De plus, les craintes de résistance aux médicaments transmissibles (transmission de résistance d’une personne à l’autre) ont largement diminué, les données actuelles de l’Organisation mondiale de la santé suggérant un taux de résistance à la transmission d’environ 7% dans les pays à revenu faible à moyen. (environ la moitié de celle observée aux États-Unis et en Europe).

Dans les pays à revenu élevé, la pharmacorésistance transmise est plus souvent liée aux médicaments de la génération précédente qui ont été introduits dans ces populations 10 à 15 ans plus tôt que dans la plupart des pays en développement.

Des études similaires ont montré que la virulence du VIH dans les pays à faible revenu, où le plus grand nombre d’infections est connu, est beaucoup plus faible, en grande partie parce que beaucoup moins de personnes ont été mises en thérapie que les États-Unis et l’Europe .

Le traitement du diagnostic peut réduire la propagation du VIH

Le traitement en tant que prévention (TasP) est une stratégie préventive qui vise à réduire la soi-disant «charge virale communautaire» en plaçant un groupe de population sous traitement antirétroviral. Ce faisant, la probabilité de transmission du VIH est significativement réduite car plus de personnes sont en mesure de maintenir une suppression complète de l’activité virale.

La stratégie est largement appuyée par des données provenant de San Francisco, une ville qui a connu une baisse de 30 à 33% des infections à VIH entre 2006 et 2008 en raison de la couverture étendue des antirétroviraux.
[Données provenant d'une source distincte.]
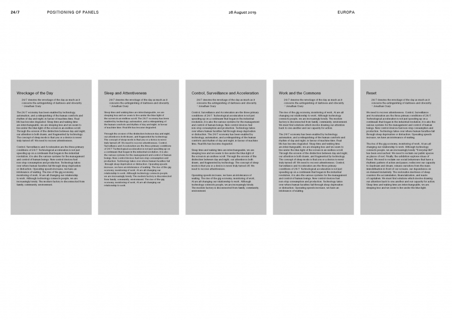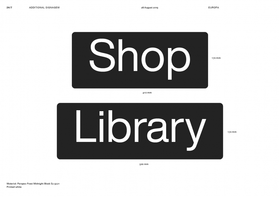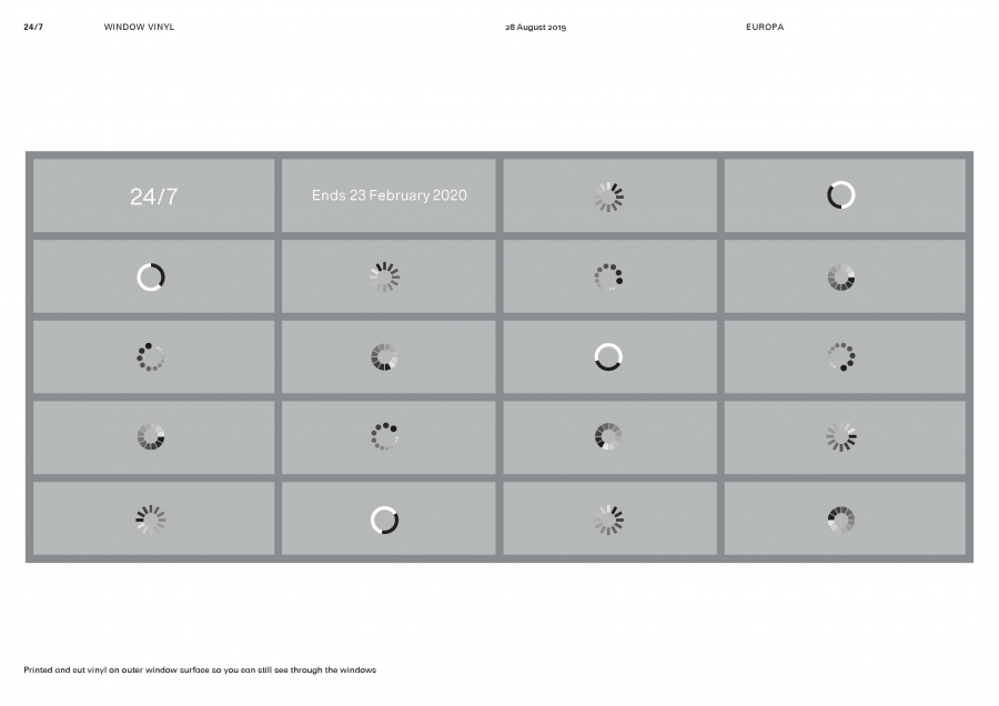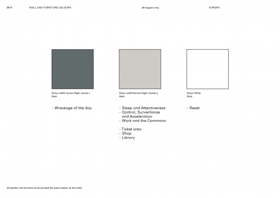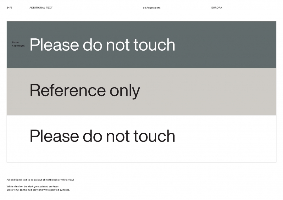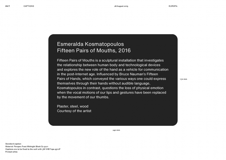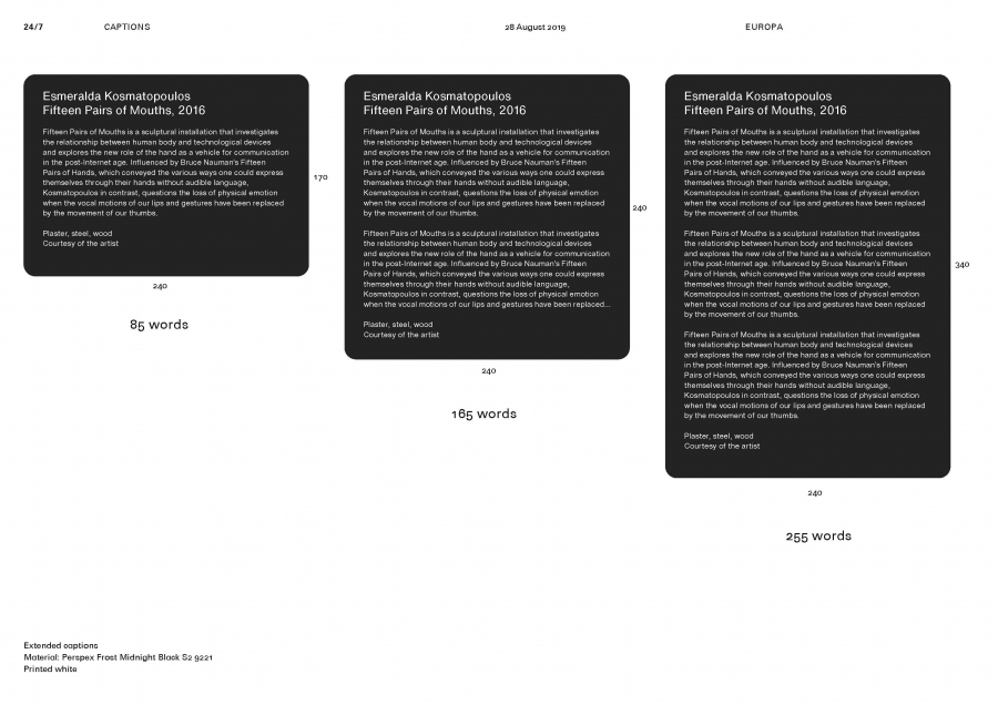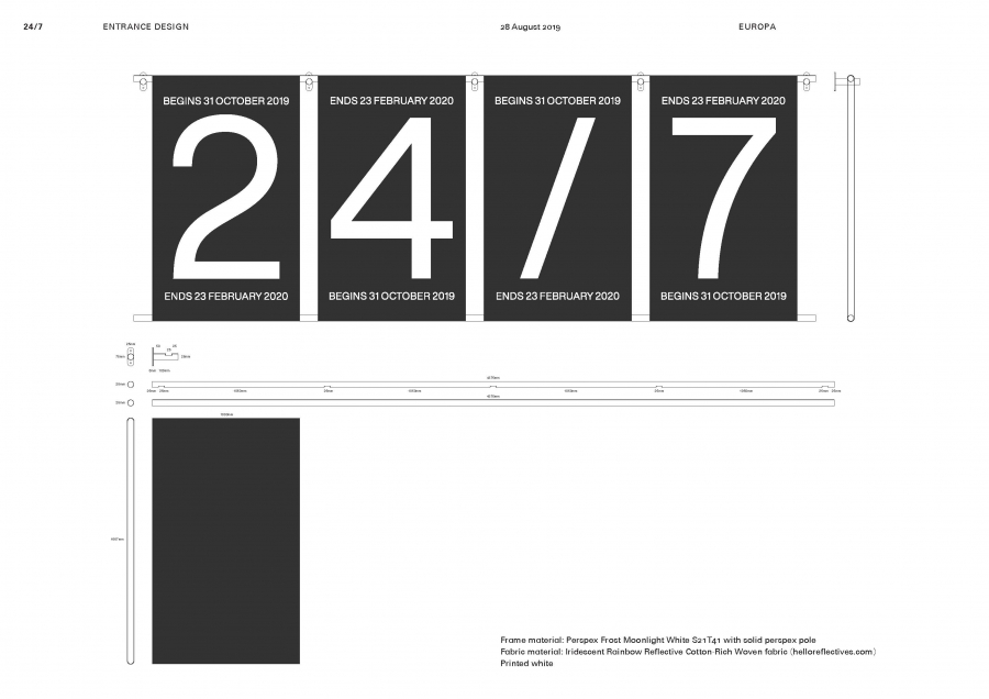 This section includes drafts and mock-ups of the proposed design feel and colour scheme for the exhibition, particularly the interpretation texts and object labels, as well as entrance graphics. Sarah Cook and Somerset House selected London design agency EUROPA (led by Robert Solis) and worked closely with them, and with the selected exhibition lighting designer Lucy Carter, to choose reflective materials to ensure the immersive night-time feel of the exhibition, and to make reference to the screen culture the exhibition critiqued.

Sur la base de ces résultats, les responsables municipaux ont introduit une politique de diagnostic antirétroviral début 2010.

De même, une étude réalisée en 2015 dans la province chinoise du Henan a montré que le risque de transmission était faible chez les couples sérodiscordants (un partenaire séropositif et un séropositif). partenaire négatif) a été réduit de 67% entre 2006 et 2009, près de 80% des partenaires infectés par le VIH ayant été sous TAR.

Dans la mise en œuvre d’une politique mondiale de TAR sur le diagnostic, la plupart des responsables de la santé estiment que des gains similaires pourraient être obtenus même dans des populations à forte prévalence comme l’Afrique du Sud où les taux d’infection continuent d’augmenter.

La question de savoir si les autorités mondiales peuvent atteindre ces objectifs étant donné la stagnation des contributions financières des pays du G8 plus riches est une toute autre affaire. Avec plus de 35 millions de personnes infectées par le VIH aujourd’hui – et environ 13 millions sous traitement antirétroviral – le plus grand défi pourrait être d’élargir le traitement dans les pays où les infrastructures de santé sont souvent incertaines, au mieux.